◆ **SOURCE DATA**:
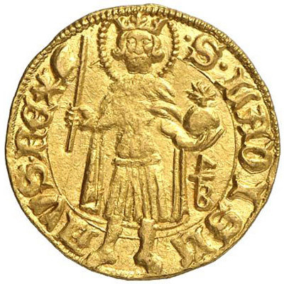 Hátlap: S•LADISL-AVS•REX szemben álló Szent László bárddal és országalmával, jobboldalt mesterjegy Francisco Bernardri
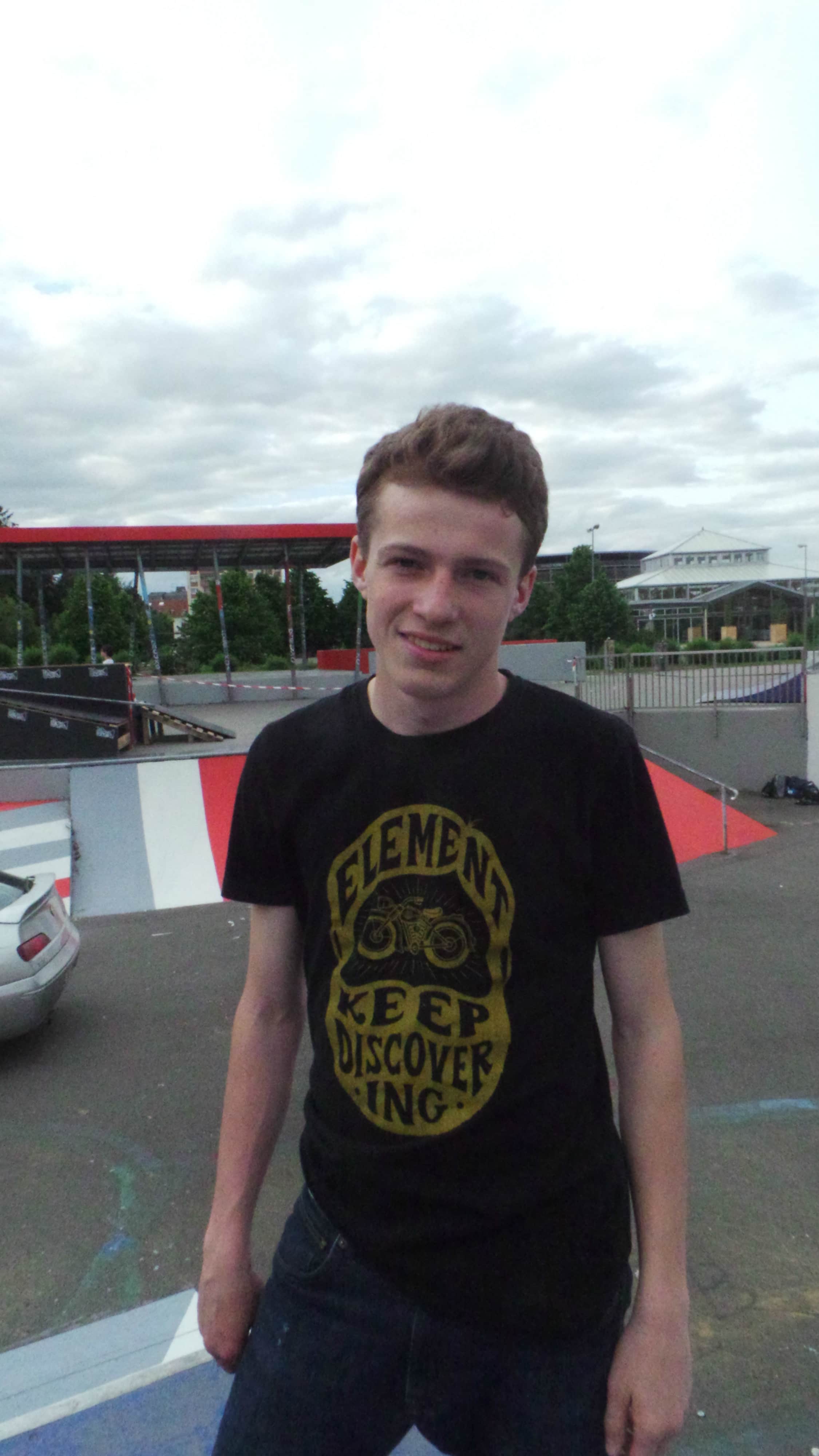« Sur Strasbourg, comme on n’est pas nombreux, c’est un peu une grande famille. Quand tu vois un skateur, tu vas le voir… Au lycée, beaucoup ont peur de parler avec les profs. Moi je peux discuter avec les adultes normalement. On a l’habitude car le skate rassemble des tranches d’âge et des couches différentes de la société. Des fils à papa, des mecs un peu plus “trash”, des anciens, des jeunes… Il y a aussi pas mal d’étrangers qui viennent étudier à Strasbourg et qui skatent. On a rencontré un marocain, un irlandais, un espagnol… On arrive toujours à communiquer car en skate il y des mots universels. Un ollie ou un flip se disent de la même façon dans tous les pays. Lors du contest à Würzburg, on communiquait grâce aux figures ! »
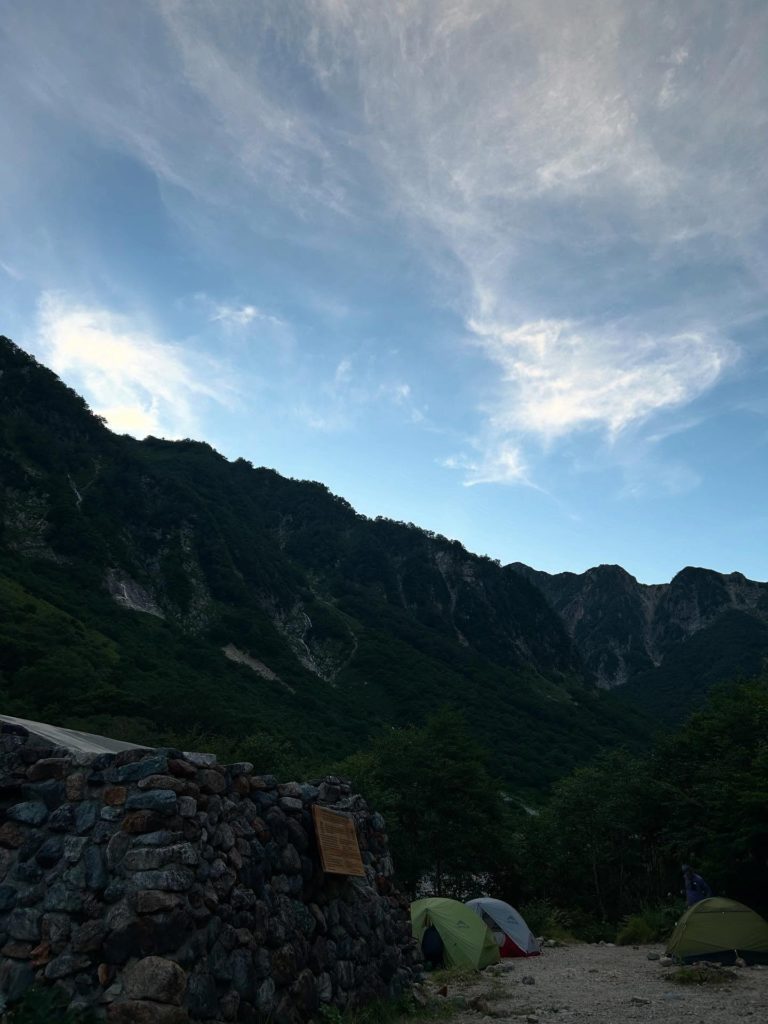 日が昇った後は、軽めの朝ごはんを食べ、テントを撤収し、下山開始。夕方のバスの時間までに上高地まで戻らねば。

◆ **WORK REQUEST**: For this exercise, restate the material exactly and skip every picture.

◆ **RESPONSE**:
 Hátlap: S•LADISL-AVS•REX szemben álló Szent László bárddal és országalmával, jobboldalt mesterjegy Francisco Bernardri
« Sur Strasbourg, comme on n’est pas nombreux, c’est un peu une grande famille. Quand tu vois un skateur, tu vas le voir… Au lycée, beaucoup ont peur de parler avec les profs. Moi je peux discuter avec les adultes normalement. On a l’habitude car le skate rassemble des tranches d’âge et des couches différentes de la société. Des fils à papa, des mecs un peu plus “trash”, des anciens, des jeunes… Il y a aussi pas mal d’étrangers qui viennent étudier à Strasbourg et qui skatent. On a rencontré un marocain, un irlandais, un espagnol… On arrive toujours à communiquer car en skate il y des mots universels. Un ollie ou un flip se disent de la même façon dans tous les pays. Lors du contest à Würzburg, on communiquait grâce aux figures ! »
 日が昇った後は、軽めの朝ごはんを食べ、テントを撤収し、下山開始。夕方のバスの時間までに上高地まで戻らねば。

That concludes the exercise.